Когда настали мои последние дни и уродливые остатки томительного существования стали тягостны мне, словно пытка, сводящая с ума по нескончаемому падению водяных капель на одну и ту же точку тела жертвы, я возлюбил сияющее убежище сна. В своих снах я разыскал малую толику той красоты, которую тщетно изыскивал в жизни, и я бродил посредь древних садов и зачарованных лесов.
Однажды, когда ветер был свеж и духовист, я заслышал голос с юга и поплыл бесконечно, неотвратимо под дикими звёздами.
Однажды, когда сыпал мягкий дождь, я заскользил на барке по бессолнечному подземному потоку и достиг чуждого мира пурпурных сумерек, радужных сплетений и неумирающих роз.
И однажды я прошёл золотистой долиной по тенистым рощам и между развалин до могучей стены, покрытой древними зелёными лозами и пробитой маленькими бронзовыми воротцами.
Я многажды проходил этой долиной, и всё дольше и дольше я задерживался на призрачном полусвете, где гигантские деревья змеились и скручивались гротескно, а серый грунт влажно простирался от тулова к тулову, кое-где приоткрывая поросшие плесенью камни погребённых храмов. И всякий раз целью моих мечтаний оставалась могучая, увитая лозами стена, в которой пробиты были маленькие бронзовые воротца.
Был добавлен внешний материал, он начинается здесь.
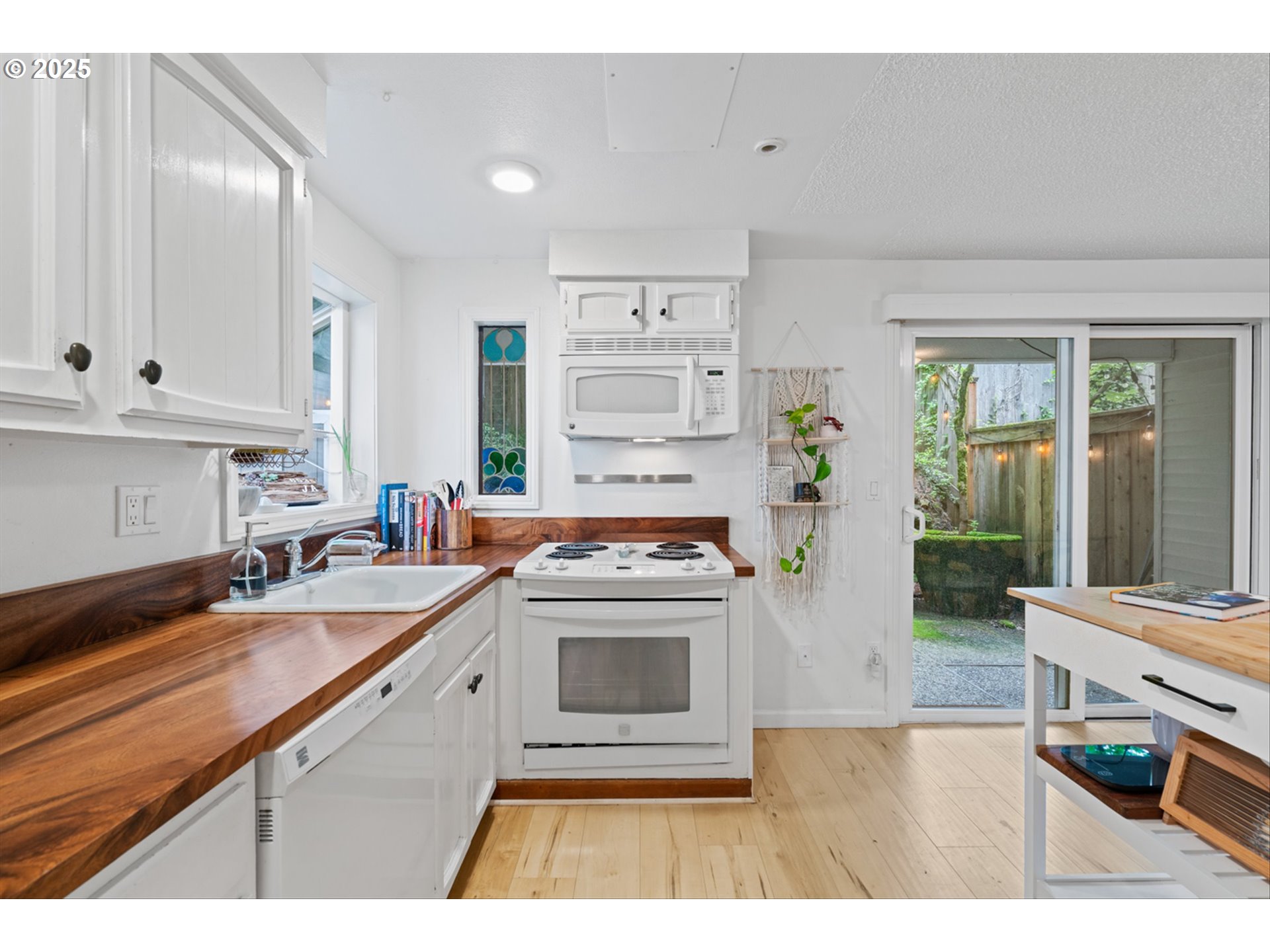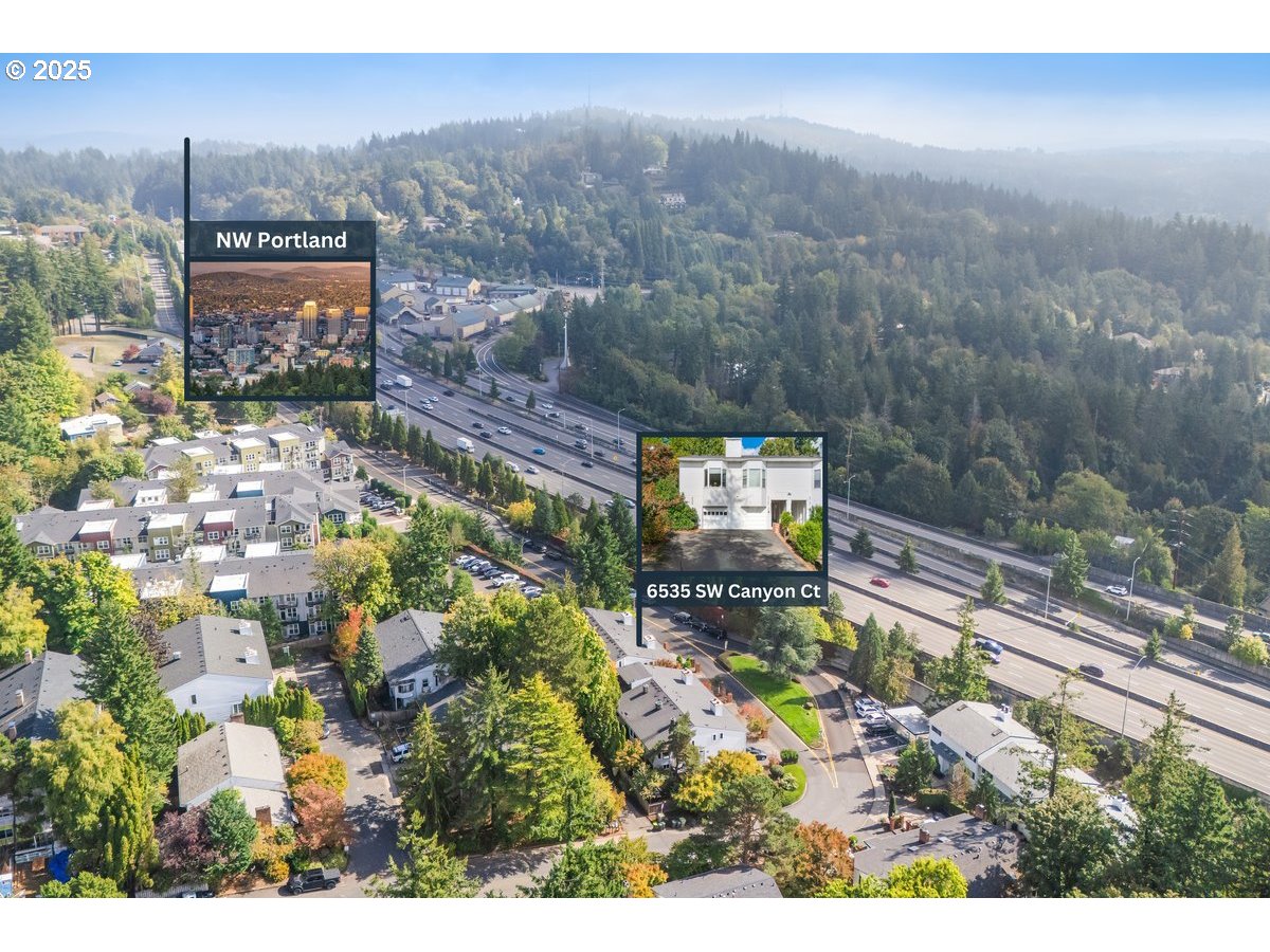 Close to OHSU, with Washington County taxes and low HOA fees, this beautifully updated Sylvan Highlands end-unit townhome offers the perfect blend of privacy, convenience, and city access. Surrounded by trees and just minutes to downtown Portland, this light-filled home features vaulted ceilings, expansive windows, and an open, airy layout.The main level includes light hardwood floors, a cozy gas fireplace, and a living room bay window with city views. The kitchen boasts butcher block countertops, a walk-in pantry, bay window, built-in coffee bar, and charming stained-glass details—an ideal setup for everyday cooking and entertaining. Upstairs, two spacious bedrooms feature vaulted ceilings and peaceful treetop views. The primary suite includes a beautifully updated bathroom with a skylight and dual sinks. A rare, oversized attic provides exceptional extra storage or a quiet reading nook. The lower level adds a flexible bonus space perfect for a home office, workout area, or additional storage, with direct garage access for everyday convenience. Outside, relax on your private, tree-lined patio—a quiet retreat after a day in the city. This move-in-ready home is ideally located close to Washington Park, OHSU and Providence hospitals, desirable NW 23rd, the Sunset Transit Center, and major commuter routes, offering unmatched access to Portland’s best amenities while maintaining a peaceful, forested setting.

Через некоторое время, поскольку дни бодрствования становились всё трудней и трудней переносимы по их серости и одинаковости, я чаще стал проплывать в опиатическом дурмане через долину и тенистые рощи и задумываться, как бы я мог захватить их в вечное владение, чтобы не возвращаться уж более в унылый мир, лишённый и пристрастий, и новых красок. А когда я заглядывался на маленькие воротца в могучей стене, то я чувствовал, что за ними возлежала страна сновидений, из которой, проникнув только в неё, ни один не мог возвратиться.
Посему каждую ночь во сне я стремился разыскать сокрытый крюк на воротцах в могучей застланной лозами стене, но сокрыт он был чрезвычайно искусно. И я сказал себе, что царство за стеной не только удерживало лучше, но было прелестнее и светозарнее вместе с тем.
И вот одной ночью в городе спящих Закарионе я разыскал пожелтелый папирус, заполненный размышлениями мудрецов-грезителей, которые издавна селились в этом городе и были слишком мудры, чтобы родиться в мире пробуждающихся. В сём записаны были многие сведения о спящем мире, и среди них предание о золотистой долине и о священной роще с храмами, о высокой стене, пробитой маленькими бронзовыми воротцами. Завидев это предание, я познал, что оно говорило о сценах, по которым носился мой дух, и засим я долго читал записи в пожелтелом папирусе.
Некоторые мудрецы-грезители расписывали цветисто чудеса за невозвратными воротцами, но другие повествовали об ужасе и разочаровании. Я не знал, кому верить, однако всё больше и больше мечтал навсегда перейти в неведомую страну, ибо сомнение и тайна суть приманка из приманок, и никакой новый ужас не мог сравниться с непрестанной пыткой повседневностью. Посему, когда я узнал о настое, который способен был отпереть для меня воротца и провести меня внутрь, я решился принять его, как только проснулся.
Этой ночью я проглотил настой и поплыл грезительно в золотистую долину и в тенистые рощи; и когда на сей раз я прошёл к старинной стене, то рассмотрел, что маленькие бронзовые воротца были приоткрыты. С той стороны проистекал свет, таинственно осиявший гигантские скрученные деревья и вершины погребённых храмов, и я поплыл далее песнопевно, ожидая чудес той страны, из которой я не мог возвратиться.
Но лишь только воротца раскрылись шире, а колдовство грёзы и настоя протолкнуло меня внутрь, как я познал, что всем видениям и всем чудесам приходил конец здесь; ибо в этом новом царстве не было ни земли, ни воды, но только белеющая пустота безлюдного и безграничного пространства. И так, счастливее, чем когда-либо я смел надеяться быть, я растворился вновь в этой первородной бесконечности хрустального забвения, из которого демон Жизнь вызвал меня на один короткий, безрадостный час.